# Frogs & Toads > Dart Frogs (Dendrobatidae) > Beginner Discussion >  dart frog tank size and colours

## Anthoney Rigby

i am looking for a green and blue dart frog and i am new to dart frogs so i need tank size (in gallons) and how to set it up (plants, shapes, size, liquid, ect.) and most importantly cost of frog (canadian). :Rapture:  price is not a problem!

----------


## bshmerlie

Check out Home | Understory Enterprises

Figure out what type of frog you want then we can help you with tank size.

----------


## JimO

I would count on at least a 20 gallon tank and as Cheri indicated, the shape will depend on whether you decide on a terrestrial species or a climber. I believe that Understory sells Southern Variabilis, which are green, with blue legs and blacks spots - beautiful little frogs, but they are small - in a group of darts called thumbnails because they are literally small enough to sit on your thumbnail.

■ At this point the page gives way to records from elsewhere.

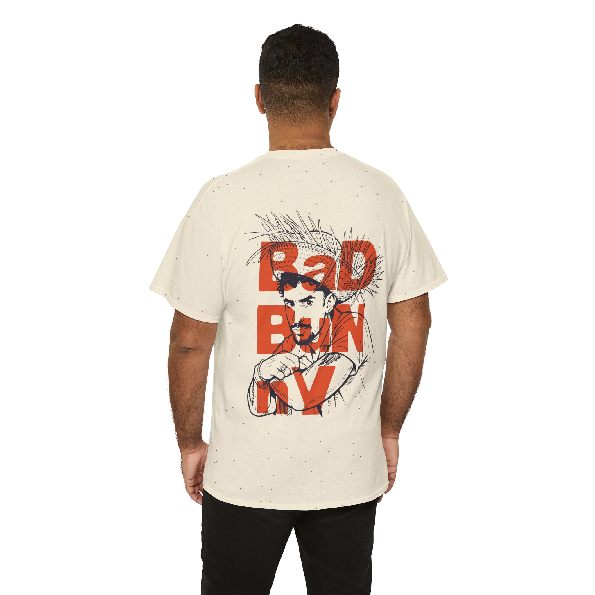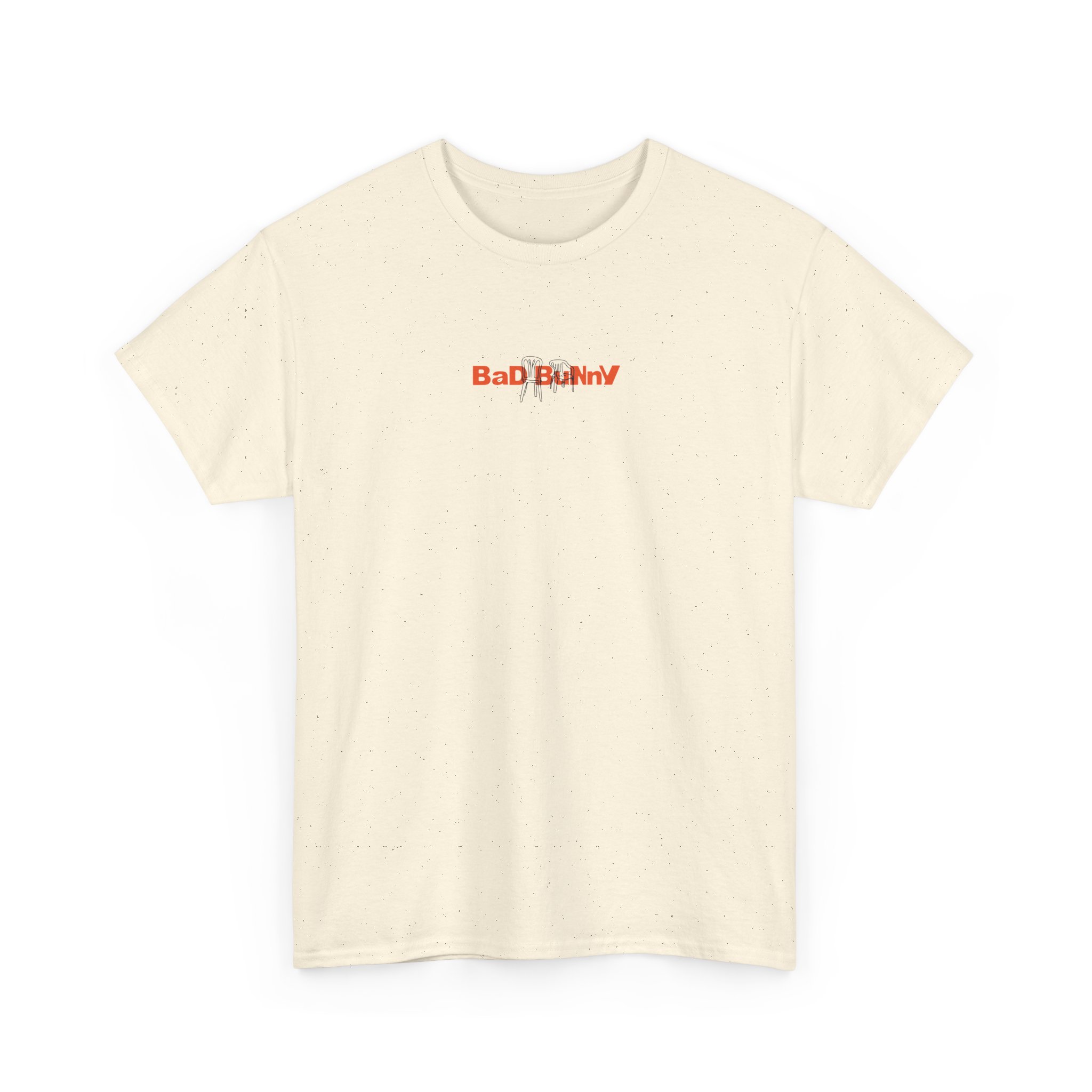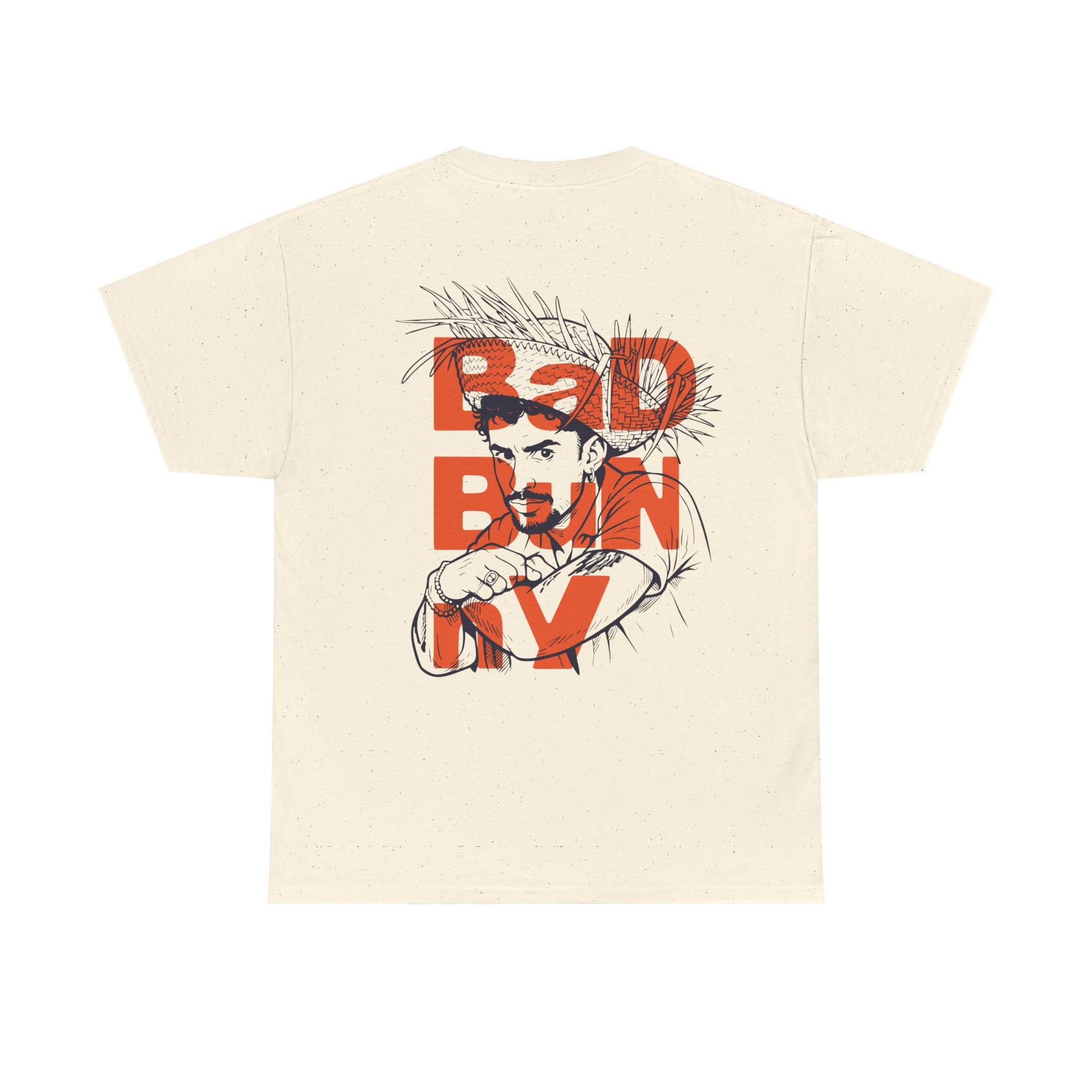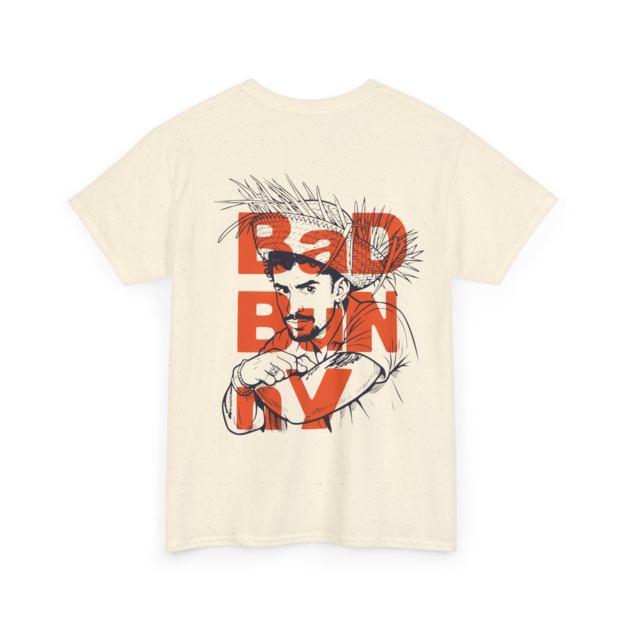 This soft, natural-flecked tee carries a quiet, confident edge. The front shows a small, distressed red logo that hints at something rebellious; the back opens into bold layered text and an ink-sketch portrait that reads like a page from an indie zine. Wear it when you want something that feels lived-in and expressive — a shirt that holds up to frequent wear while showing off art-forward attitude. The medium-weight cotton sits comfortably all day; the tubular knit and ribbed collar keep the silhouette clean and steady. Subtle black flecks in the Natural color add texture that complements the sketch-style print, so the shirt never feels flat. Let it be the shirt you reach for when you want your outfit to do the talking without shouting — for long coffee shop hangs, gallery nights, or low-key city wandering.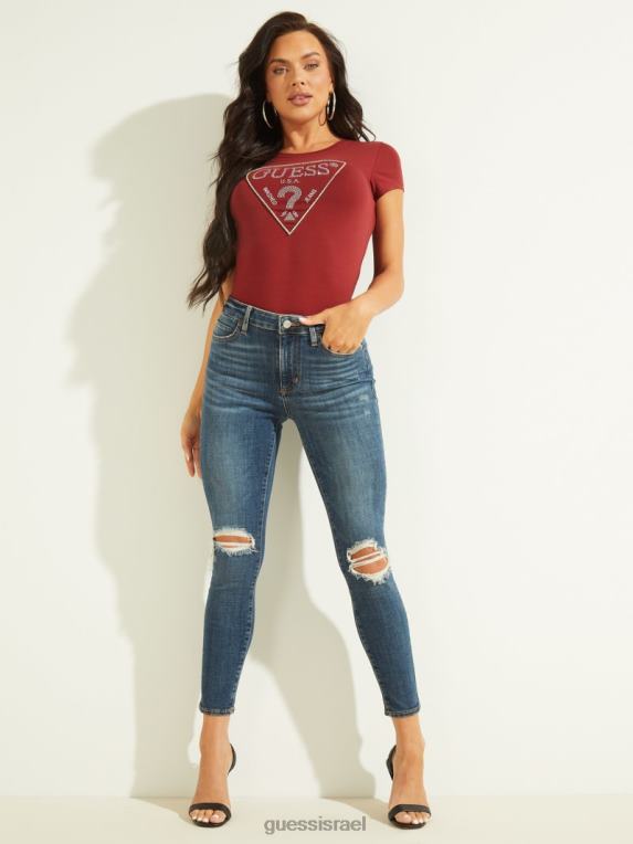 GUESS נשים טי לוגו ריינסטון F8RV1582 לבוש מיץ סלק אדום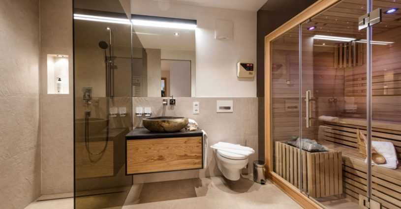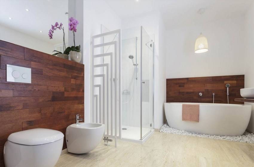 Это означает, что современный дизайн должен быть создан с использованием натурального дерева и натурального камня. Эти материалы имеют естественно уникальный рисунок кроя. Благодаря ему ванная комната не нуждается в дополнительной отделке.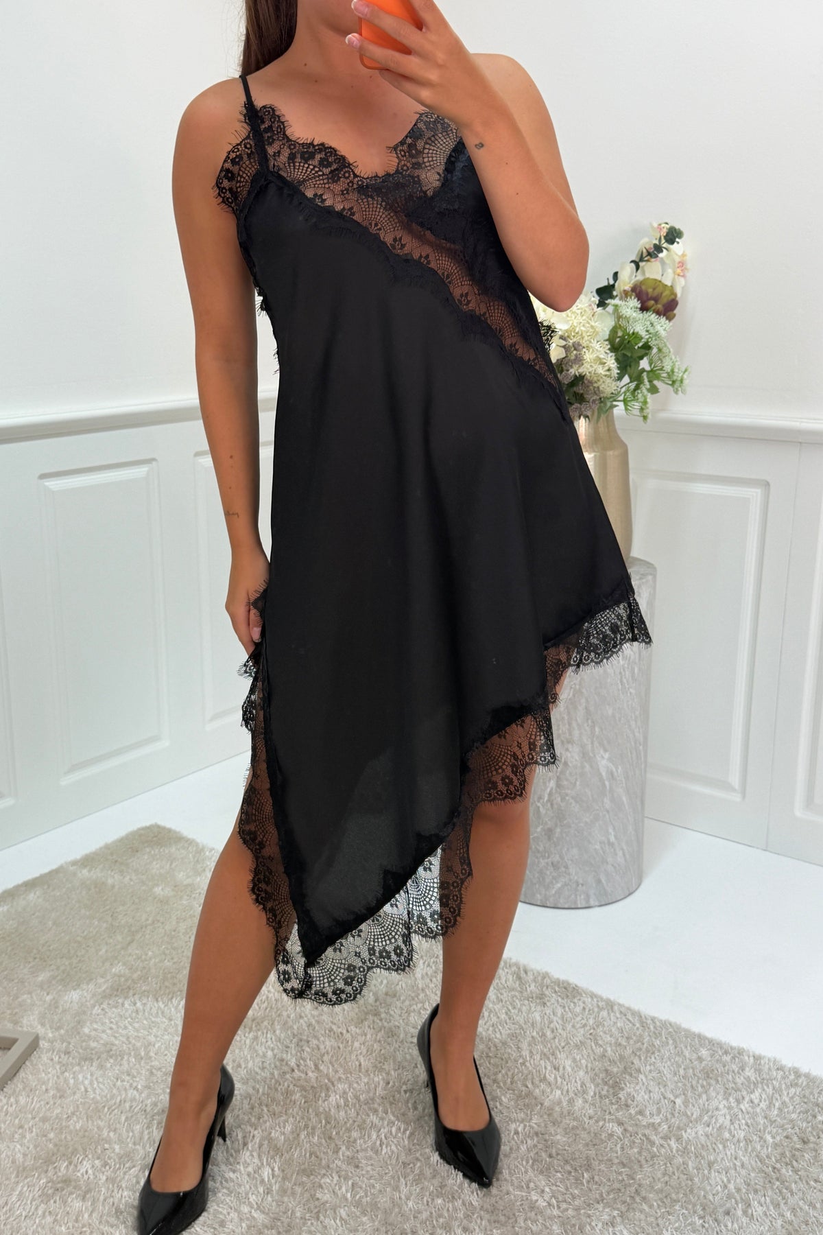 Schwarzes Festkleid von A-bee mit V-Ausschnitt und asymmetrischem Saum. Das Kleid hat Spitzenverzierungen entlang des Ausschnitts und des Saums, die dem Design einen feinen Ausdruck verleihen.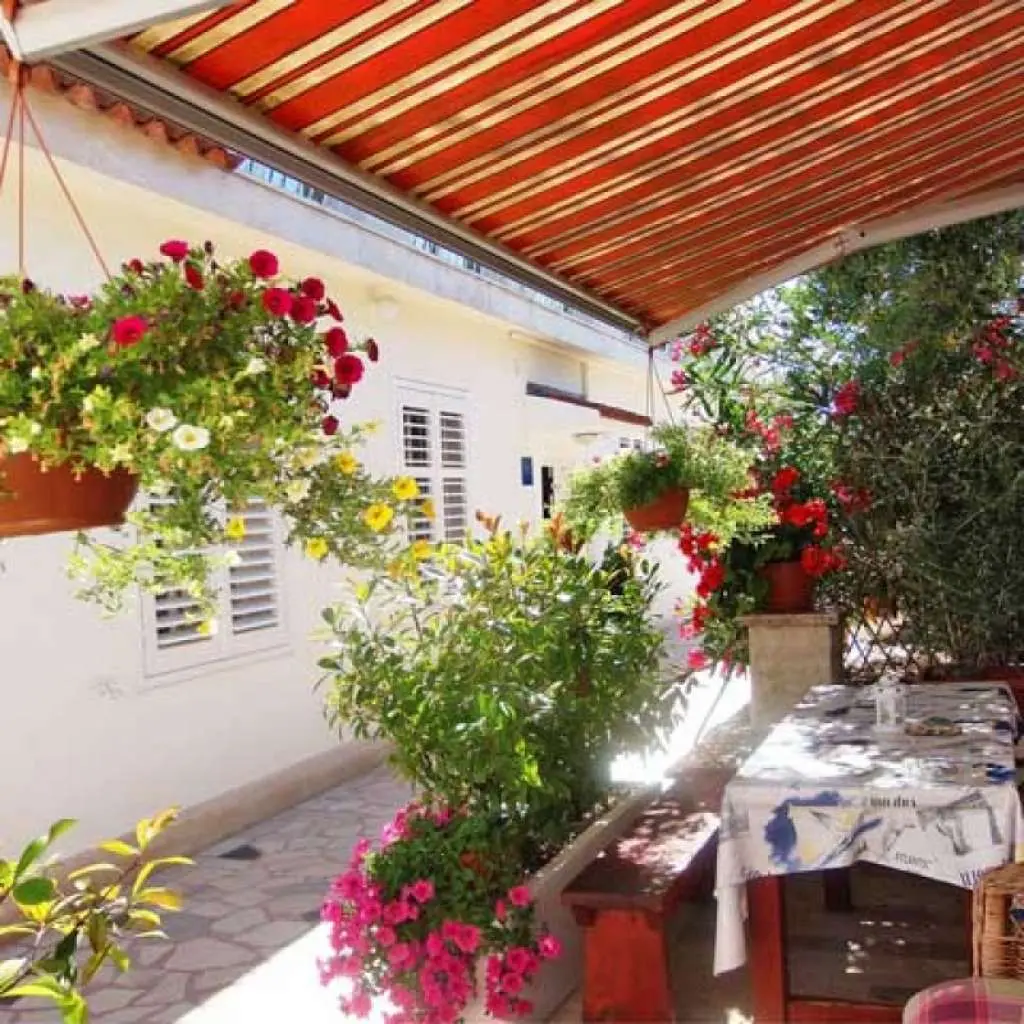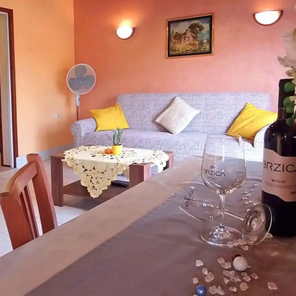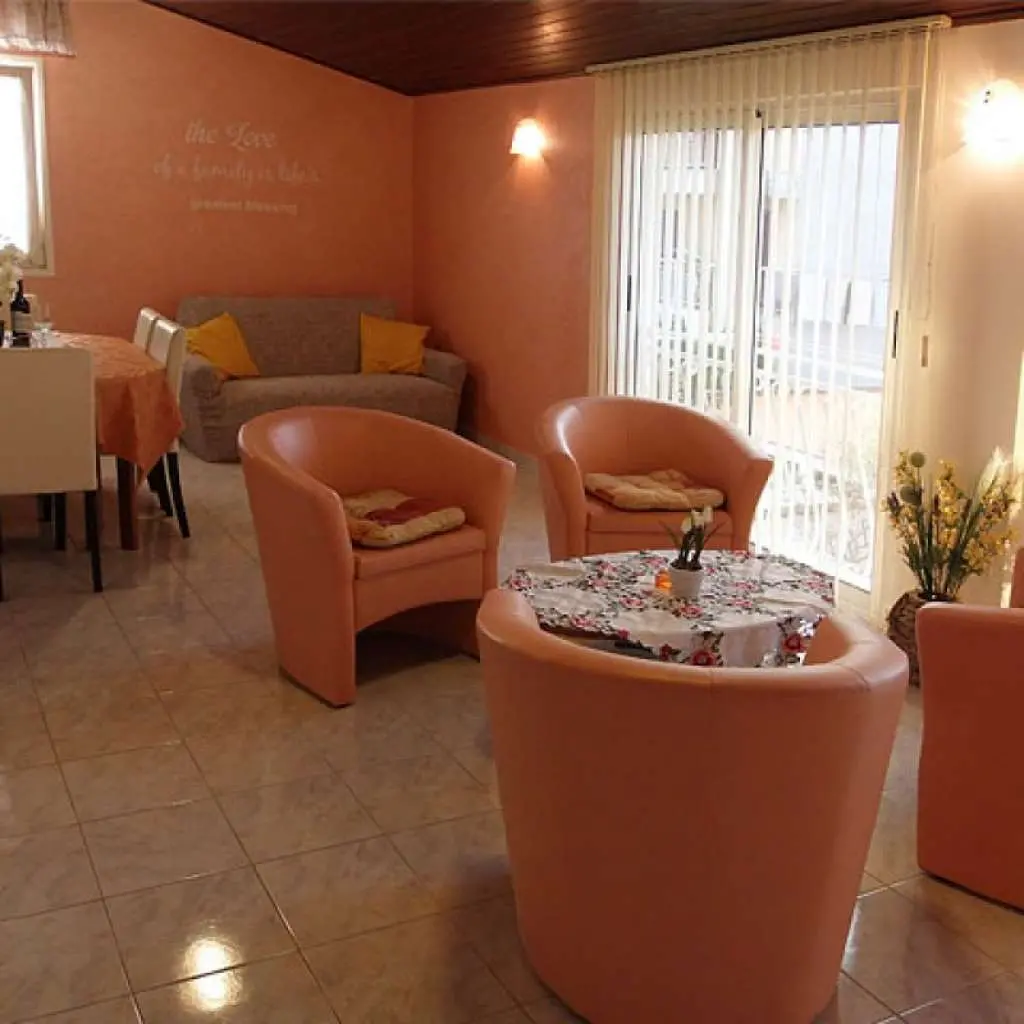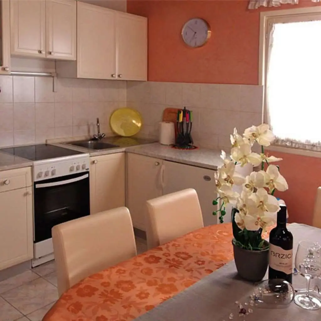 House with 4 apartments near the sea, about 450 m from the sea and from the town center (5-8 minutes walking, also without car use), with court and terraces in garden with grill, private parking in front of the house, on first floor, air condition, free WiFi (WLAN) internet, free safe in apartment, SAT TV: - One apartment type B5 for 4-6 people, with two bedrooms and living room - One apartment type B4 for 3-5 people, with 2 bedrooms - One apartment type A3 for 2-4 people, with 1 bedroom and living room - One apartment type A3 for 2-3 people, with 1 bedroom and living room

Here is a link to Understory's page on the Variabilis: Ranitomeya variabilis | Understory Enterprises

----------



----------


## Kevin

Hey there,

Is this your first dart frog? 

If so you have lots of reading ahead of you but dont worry its not as hard as it may seem.

There is a step by step instruction on how to build a dart vivarium under the enclosure stickies here. I would start there.

Other things you need to look into is culturing fruit flies, seeding your vivarium with isopods and springtails,and territorial problems between the species you choose.

Dispite their small size they actually need a good amount of space per a frog. Many have been sucessful with only a 10gallon (2frogs) tank but from what i have read the hobby is trying to move forward and get away from 10gallons. I personally would say a minimum of 10gallons per a frog should be okay. Although, bigger is always better! I am currently housing 3 thumbnail species in a 33gallon 18x18x24 zoomed vivarium. Make sure to plant the tank well and use as much space as you can. You may be thinking i will never see my frogs then! In most cases this is not true, the frogs actually become more boldknowing that a safe hiding place is only one leap away. 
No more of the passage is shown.